*** Opening Available data ***
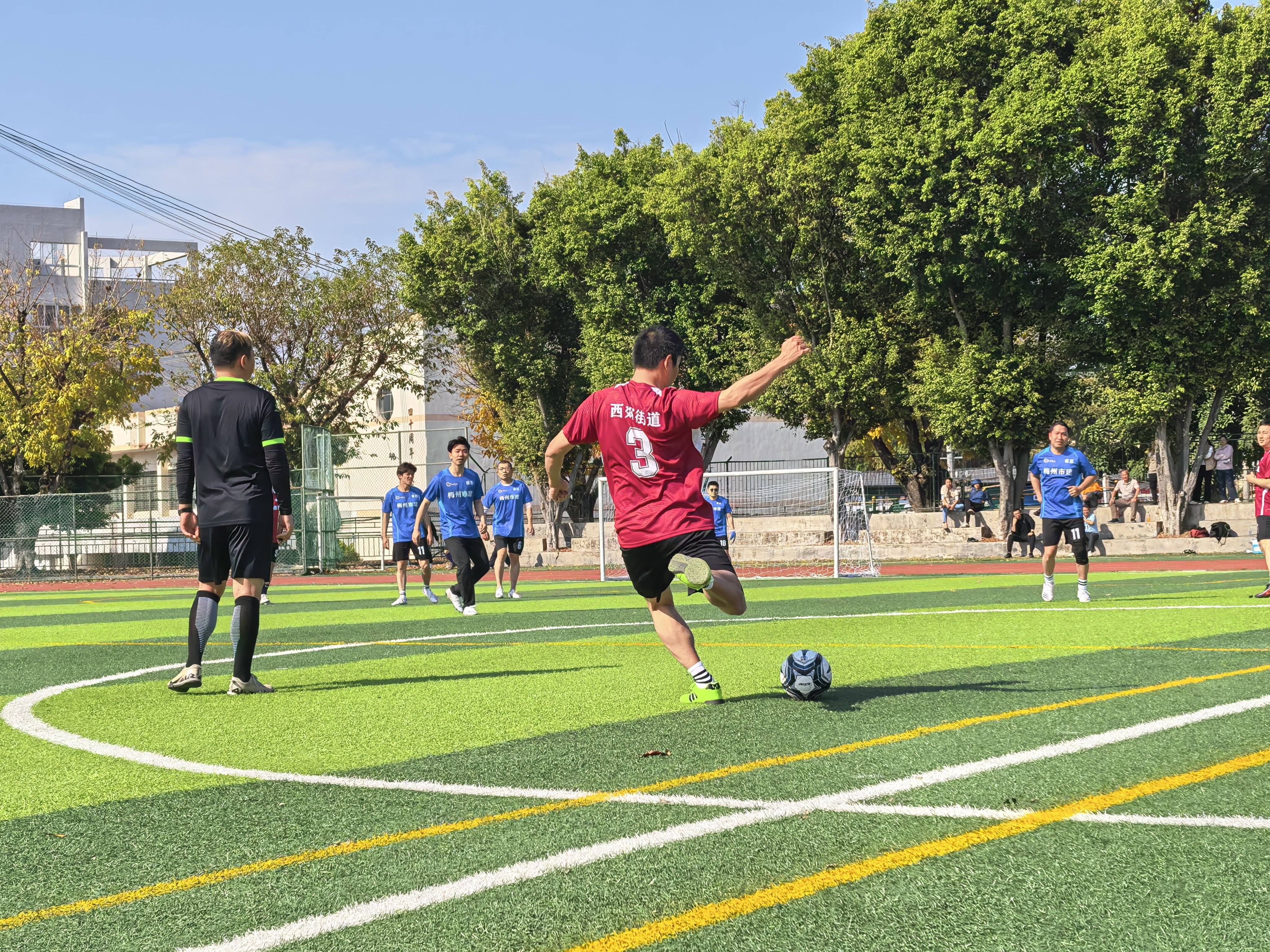伴随着激昂的旋律,各参赛队伍精神饱满、整齐列阵,展现出昂扬向上的精神风貌。简短而热烈的开幕式后,姚文顺与街道领导一起走到球场中央,在全场观众的倒数声中,共同踢出了象征活力与希望的 “第一球”!现场掌声、欢呼声震天——西郊街道首届“睿思杯”村级足球联赛,正式开赛。
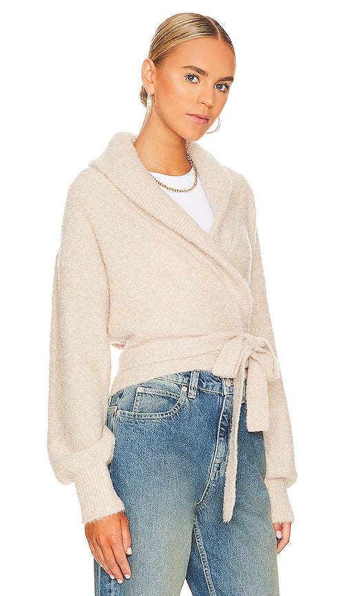 525 Boucle Ballerina Wrap in Beige. - size L (also in XL) 525 Boucle Ballerina Wrap in Beige. - size L (also in XL) 98% polyester 2% nylon. Made in China. Machine wash. Front wrap tie closure. Foldover neckline. Ribbed cuffs. Fuzzy knit fabric. 525A-WK606. 110005874. A favorite of celebrity stylists, the 525 story began in Brooklyn in 1983. The secret to its industry staying power and stellar reputation: A focus on high-quality cotton sweaters with a range that combines a solid foundation of staples and no shortage of seasonal trend-focused updates. The design team is constantly pushing their creative boundaries, developing new yarns and colors that appeal to all ages and budgets. Truly full spectrum, 525 offers something for everyone: from classic to cutting-edge; from cotton to cashmere. Shop the latest in fashion from 525
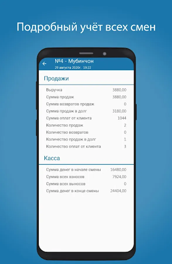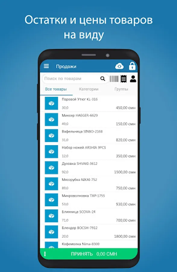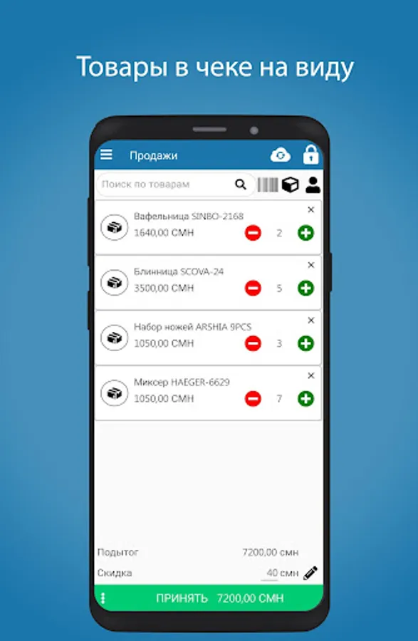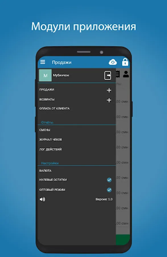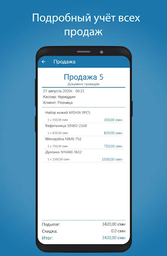 Savdo + Cashier: only the most necessary modules for cashiers. Making sales and returns is now much easier and faster. You can work without the Internet. After connecting to the Internet, the data is synchronized with the Savdo + service.
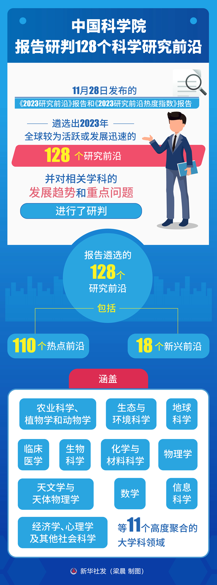 新華社北京11月28日電(記者張泉)28日發(fā)布的《2023研究前沿》報(bào)告和《2023研究前沿?zé)岫戎笖?shù)》報(bào)告,遴選出2023年全球較為活躍或發(fā)展迅速的128個(gè)研究前沿,并對相關(guān)學(xué)科的發(fā)展趨勢和重點(diǎn)問題進(jìn)行了研判。
*** Closing Available data ***
What you are asked to do
Repeat the line that contains "Savdo + Cashier: only" and each line after it, through the last line of the listing, exactly and alone; pictures stay out of the repeat.

Finished exercise
 Savdo + Cashier: only the most necessary modules for cashiers. Making sales and returns is now much easier and faster. You can work without the Internet. After connecting to the Internet, the data is synchronized with the Savdo + service.
 新華社北京11月28日電(記者張泉)28日發(fā)布的《2023研究前沿》報(bào)告和《2023研究前沿?zé)岫戎笖?shù)》報(bào)告,遴選出2023年全球較為活躍或發(fā)展迅速的128個(gè)研究前沿,并對相關(guān)學(xué)科的發(fā)展趨勢和重點(diǎn)問題進(jìn)行了研判。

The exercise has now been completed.